Data items
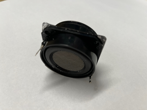 Foot joint mounted in speaker bottom and glued. Loudspeaker fitted, membrane pointing downwards. All parts 3D-printed
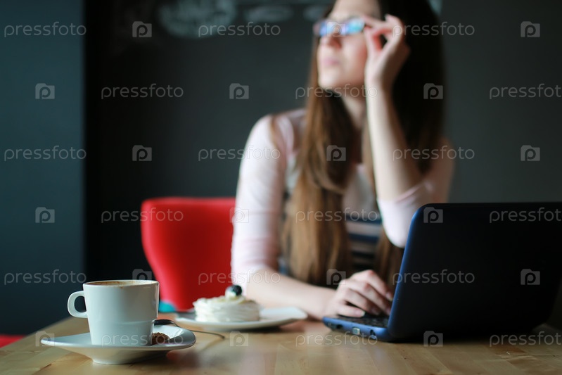 Девушка в кафе с ноутбуком
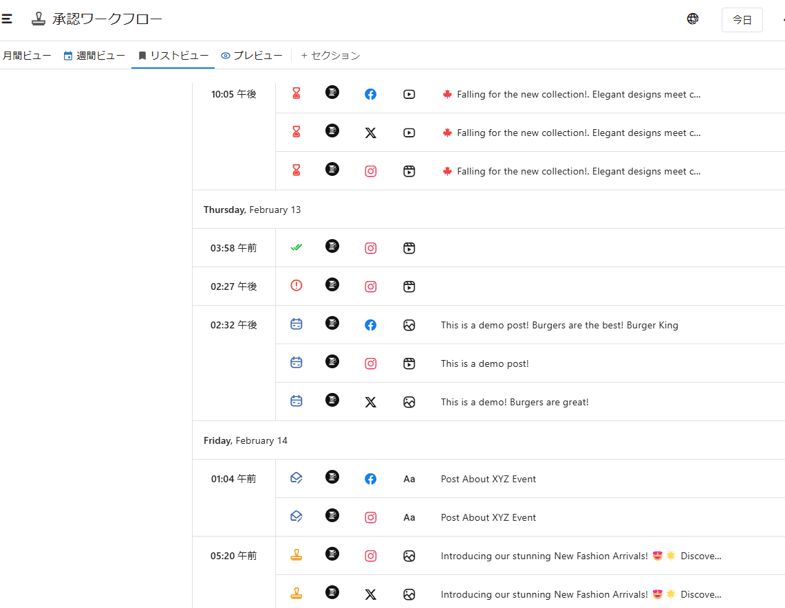 一週間のカレンダータイプです。選択した週のコンテンツが日ごとに表示され、簡単にコンテンツを特定することができます。月間ビューと同じく、サムネイルをクリックすると詳細が表示され、編集や削除ができます。コンテンツを別日にドラッグ&ドロップすれば、予約日時の変更も可能です。
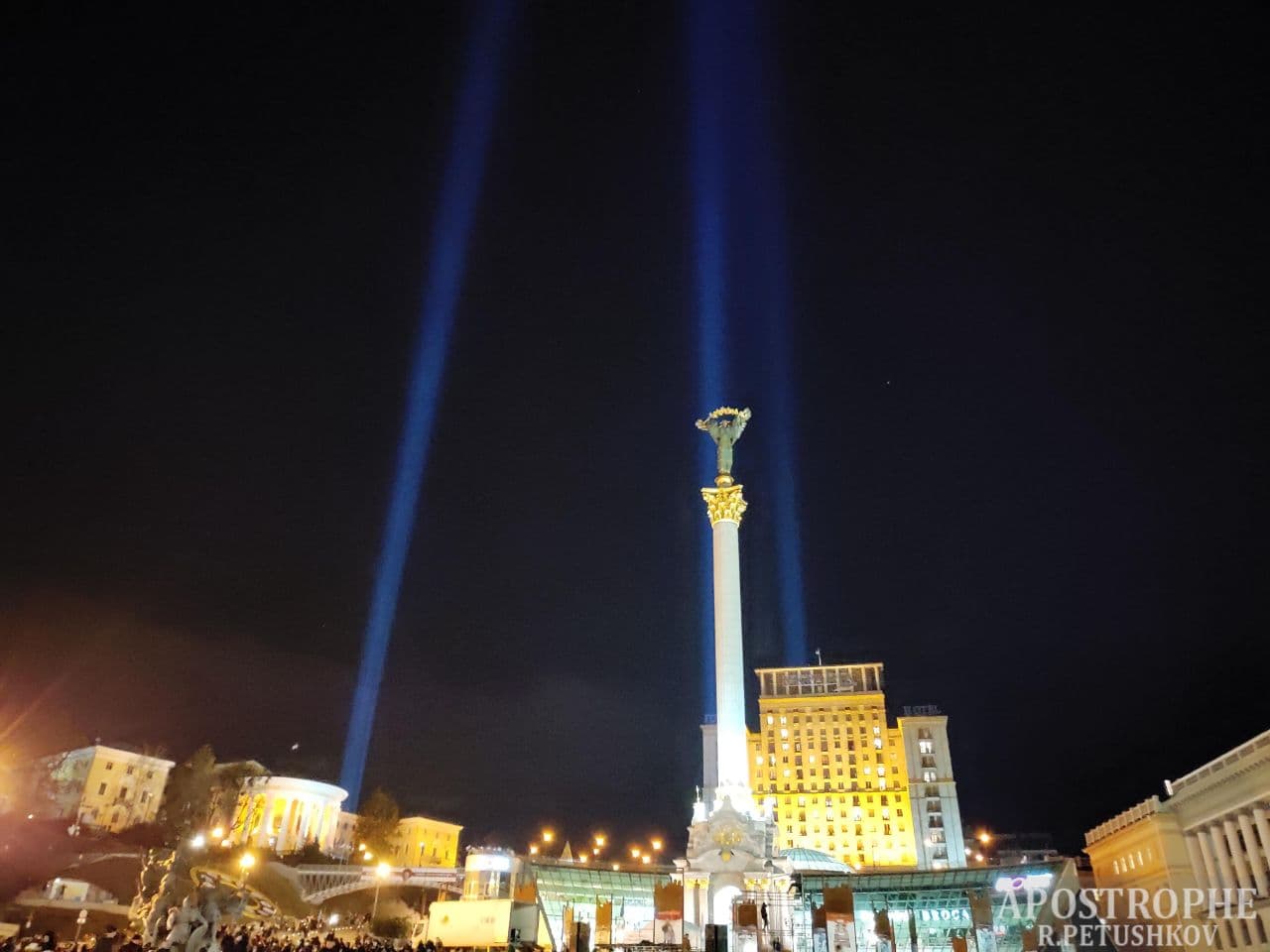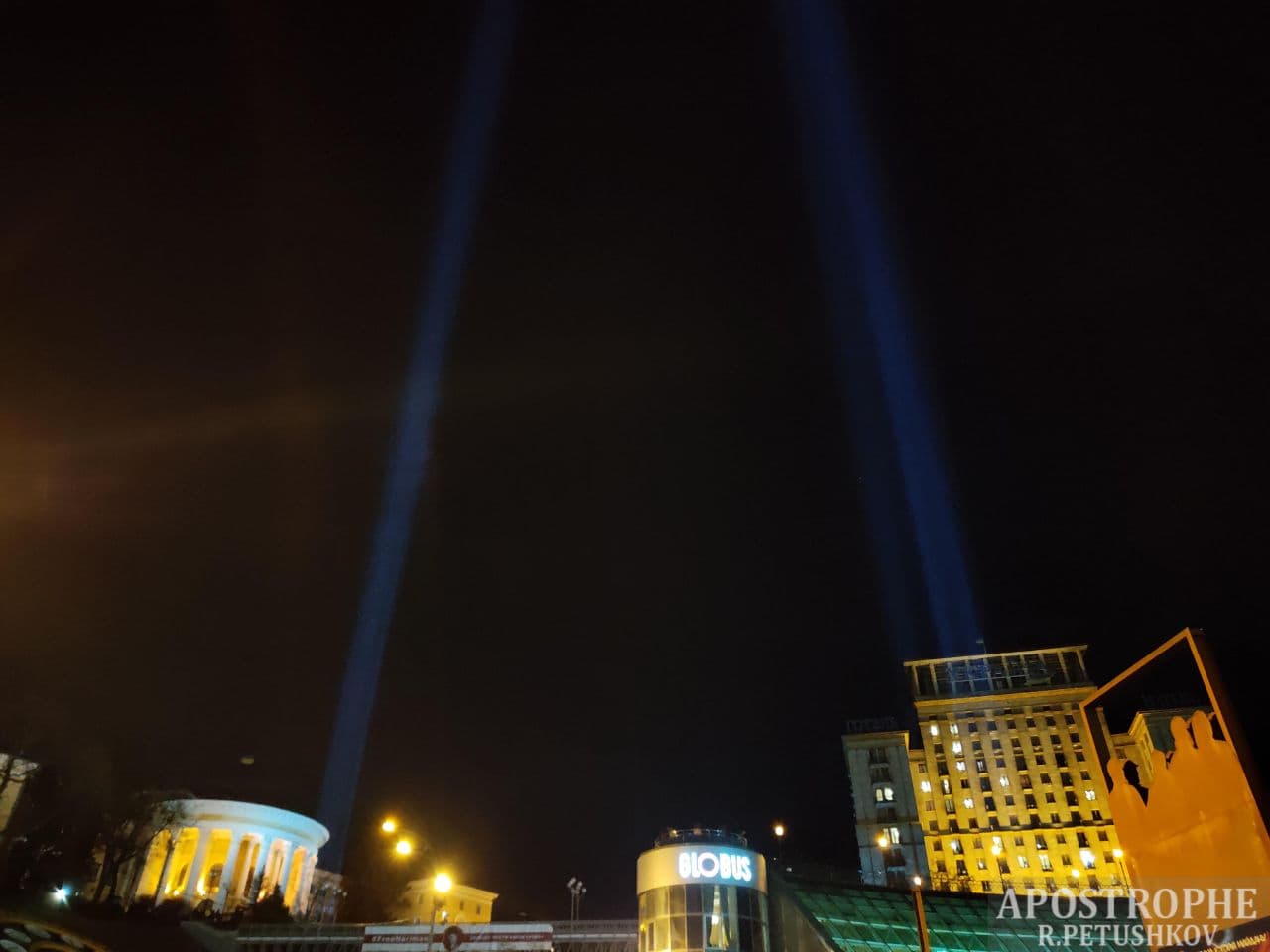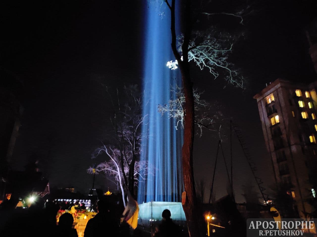 Потім на алеї Героїв Небесної Сотні відбулося вмикання світлової інсталяції "Промені гідності" з аудіосупроводом музики Романа Коляди.
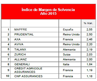 En el ranking de los principales grupos aseguradores europeos, la compañía española Mapfre sigue ocupando uno de los primeros puestos. Destaca el hecho de que prácticamente todos los grupos que forman parte de este estudio han incrementado o mantenido su ratio de solvencia en 2015 y todos ellos muestran niveles adecuados de capitalización y fortaleza financiera. En cuanto Mapfre su índice de margen de solvencia es el más elevado entre los principales grupos europeos.
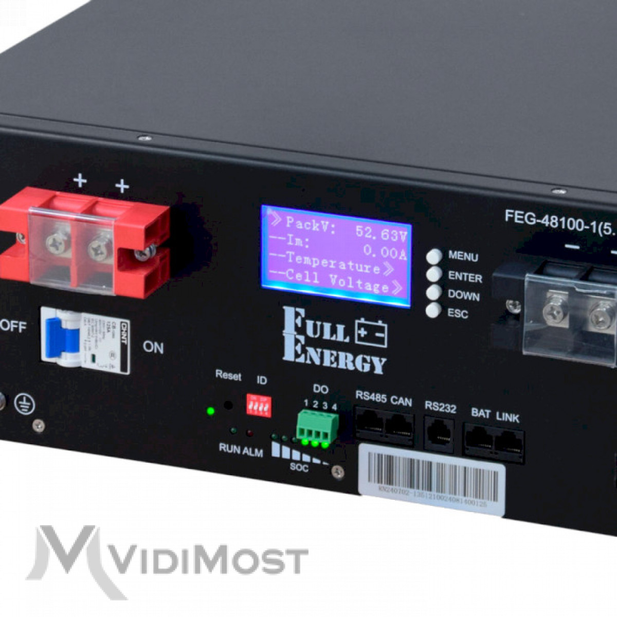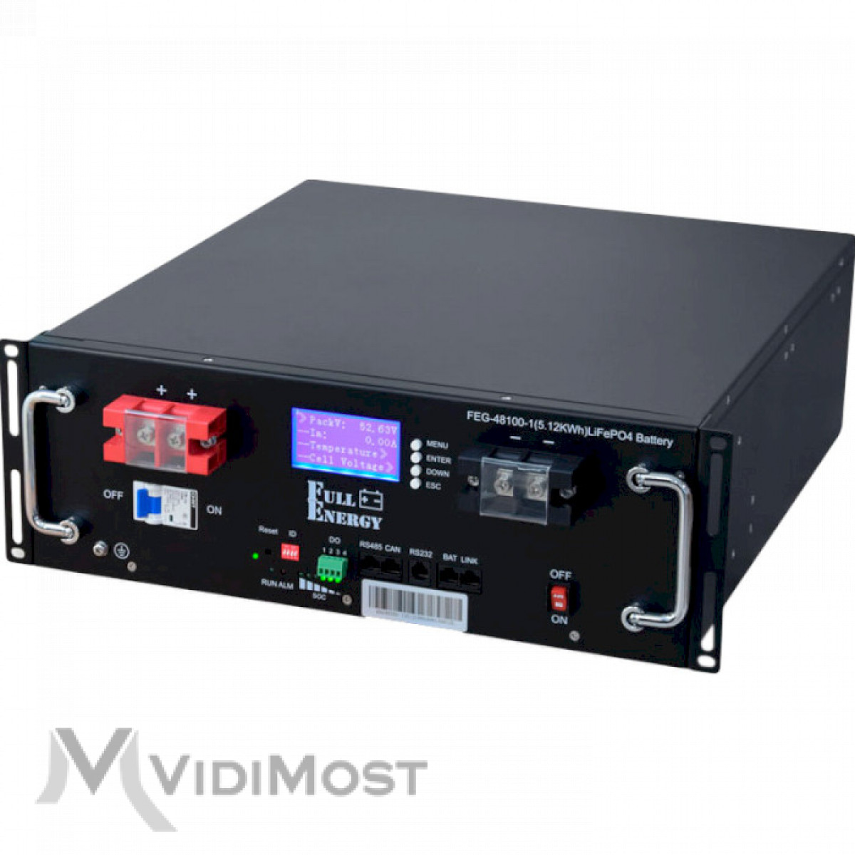 Літій-залізо-фосфатний акумулятор FEG-48100-1 виконаний у герметичному корпусі та виготовлений за технологією LiFePO4. У технології використовується мінерал сімейства олівін – він зустрічається у природному середовищі, не токсичний, термостійкий. Місткість - 100 A•год / 5120 Вт•год. Напруга – 48 В. Порти: CAN, RS485, розміри: 480х542х155мм. Вбудований LCD екран із зазначенням рівня заряду акумулятора.
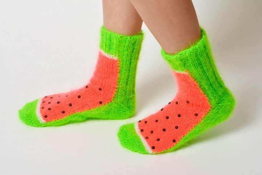 Как видно на фото вязаных носков, для их изготовления могут использоваться следующие инструменты:
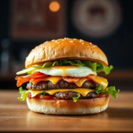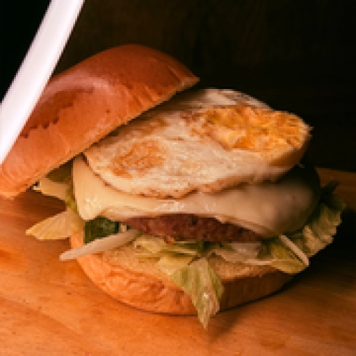 Bacon, carne, molho, ovo, pão, queijo, salada
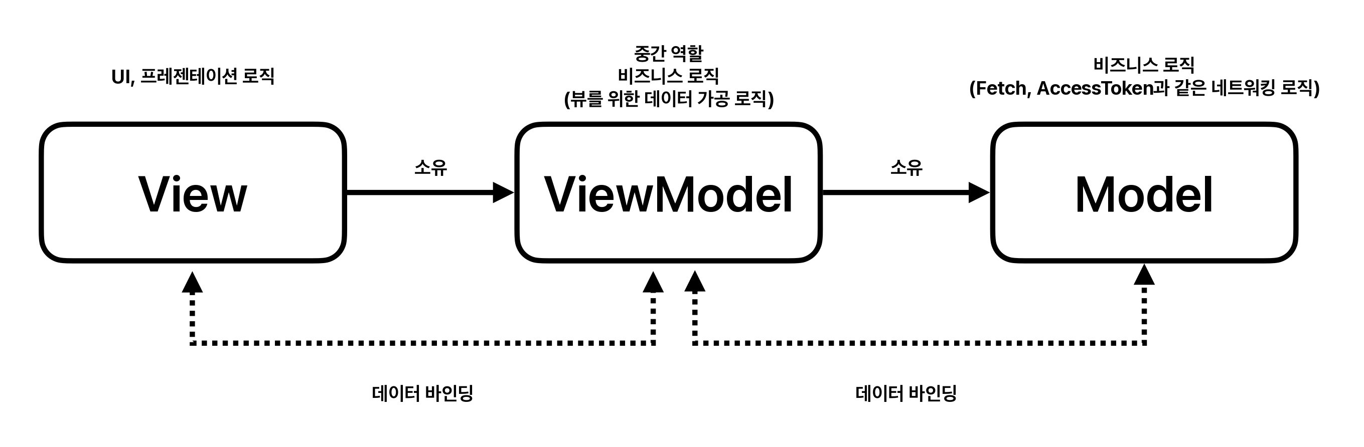 MVVM 패턴은 Model - View - ViewModel 로 이루어져 있습니다.
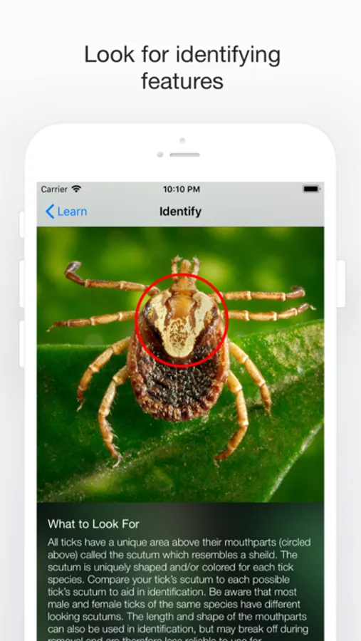This app uses image recognition, specifically a convolutional neural network, to aid in tick identification. The app analyzes the image of your tick and uses your location to rank the ticks with diseases in your area. You are presented with the possible ticks ranked by the image recognition system. If the image recognition system doesn't recognize a tick in your image, it will only present possible ticks based on your location. For help identifying your tick from the possible ticks, look in the 'Learn' section in the app to know what features to look for.
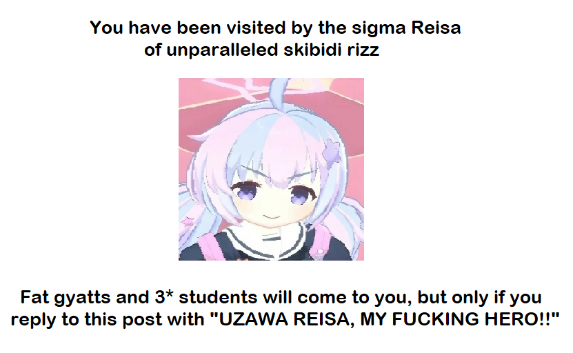 >>730722707UZAWA REISA, MY FUCKING HERO!!
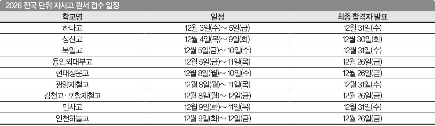2026 후기고 원서 접수가 12월 3일(수) 서울 지역을 시작으로 차례로 진행된다. 고교 입학 전형은 선발 방식에 따라 학교장 선발고와 교육감 선발고로 구분되며, 특목·자사고는 학교장 선발고, 일반고는 교육감 선발고에 해당한다. 후기고 역시 이중 지원이 금지되기 때문에 외고·국제고·자사고 중 한 곳에만 원서를 쓸 수 있다. 단, 일반고와 동시 지원은 가능하다. 즉, 1단계에서 특목·자사고 중 한 곳에 원서를 제출한 학생은 2단계에서 지역 내 일반고를 선택해 지원할 수 있다.
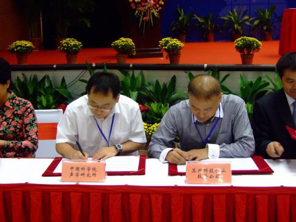 我所对此次展洽会高度重视,精心遴选了便携式超声导盲仪、高指向性声束发射系统、P2P SIP即时通信系统、智能网络文本信息检测系统、电信级分布式语音识别系统、数字电影移动播放机和高性能宽带信息网运营支撑系统等7项具有自主知识产权,创新性强、技术成熟度高、市场应用前景好,且与江苏产业关联度较大的最新成果参加展示,并派出人员进行现场演示、推介,吸引了众多参会企业,有的企业代表还专程从上海等地赶到会场与我所科研人员进行洽谈交流。9月21日下午,大会组织了项目签约仪式,遴选了60项有一定代表性的产学研合作项目进行集中签约。我所综合声纳技术实验室前期与苏州市科技局进行了多次沟通、洽谈,就项目合作和成果产业化推广达成了合作意向,在此次会议上双方代表签订了意向书。

» **Assignment**
From the first line to the last, copy the records above exactly and drop any pictures.

» **Written solution**
 Foot joint mounted in speaker bottom and glued. Loudspeaker fitted, membrane pointing downwards. All parts 3D-printed
 Девушка в кафе с ноутбуком
 一週間のカレンダータイプです。選択した週のコンテンツが日ごとに表示され、簡単にコンテンツを特定することができます。月間ビューと同じく、サムネイルをクリックすると詳細が表示され、編集や削除ができます。コンテンツを別日にドラッグ&ドロップすれば、予約日時の変更も可能です。
 Потім на алеї Героїв Небесної Сотні відбулося вмикання світлової інсталяції "Промені гідності" з аудіосупроводом музики Романа Коляди.
 En el ranking de los principales grupos aseguradores europeos, la compañía española Mapfre sigue ocupando uno de los primeros puestos. Destaca el hecho de que prácticamente todos los grupos que forman parte de este estudio han incrementado o mantenido su ratio de solvencia en 2015 y todos ellos muestran niveles adecuados de capitalización y fortaleza financiera. En cuanto Mapfre su índice de margen de solvencia es el más elevado entre los principales grupos europeos.
 Літій-залізо-фосфатний акумулятор FEG-48100-1 виконаний у герметичному корпусі та виготовлений за технологією LiFePO4. У технології використовується мінерал сімейства олівін – він зустрічається у природному середовищі, не токсичний, термостійкий. Місткість - 100 A•год / 5120 Вт•год. Напруга – 48 В. Порти: CAN, RS485, розміри: 480х542х155мм. Вбудований LCD екран із зазначенням рівня заряду акумулятора.
 Как видно на фото вязаных носков, для их изготовления могут использоваться следующие инструменты:
 Bacon, carne, molho, ovo, pão, queijo, salada
 MVVM 패턴은 Model - View - ViewModel 로 이루어져 있습니다.
This app uses image recognition, specifically a convolutional neural network, to aid in tick identification. The app analyzes the image of your tick and uses your location to rank the ticks with diseases in your area. You are presented with the possible ticks ranked by the image recognition system. If the image recognition system doesn't recognize a tick in your image, it will only present possible ticks based on your location. For help identifying your tick from the possible ticks, look in the 'Learn' section in the app to know what features to look for.
 >>730722707UZAWA REISA, MY FUCKING HERO!!
2026 후기고 원서 접수가 12월 3일(수) 서울 지역을 시작으로 차례로 진행된다. 고교 입학 전형은 선발 방식에 따라 학교장 선발고와 교육감 선발고로 구분되며, 특목·자사고는 학교장 선발고, 일반고는 교육감 선발고에 해당한다. 후기고 역시 이중 지원이 금지되기 때문에 외고·국제고·자사고 중 한 곳에만 원서를 쓸 수 있다. 단, 일반고와 동시 지원은 가능하다. 즉, 1단계에서 특목·자사고 중 한 곳에 원서를 제출한 학생은 2단계에서 지역 내 일반고를 선택해 지원할 수 있다.
 我所对此次展洽会高度重视,精心遴选了便携式超声导盲仪、高指向性声束发射系统、P2P SIP即时通信系统、智能网络文本信息检测系统、电信级分布式语音识别系统、数字电影移动播放机和高性能宽带信息网运营支撑系统等7项具有自主知识产权,创新性强、技术成熟度高、市场应用前景好,且与江苏产业关联度较大的最新成果参加展示,并派出人员进行现场演示、推介,吸引了众多参会企业,有的企业代表还专程从上海等地赶到会场与我所科研人员进行洽谈交流。9月21日下午,大会组织了项目签约仪式,遴选了60项有一定代表性的产学研合作项目进行集中签约。我所综合声纳技术实验室前期与苏州市科技局进行了多次沟通、洽谈,就项目合作和成果产业化推广达成了合作意向,在此次会议上双方代表签订了意向书。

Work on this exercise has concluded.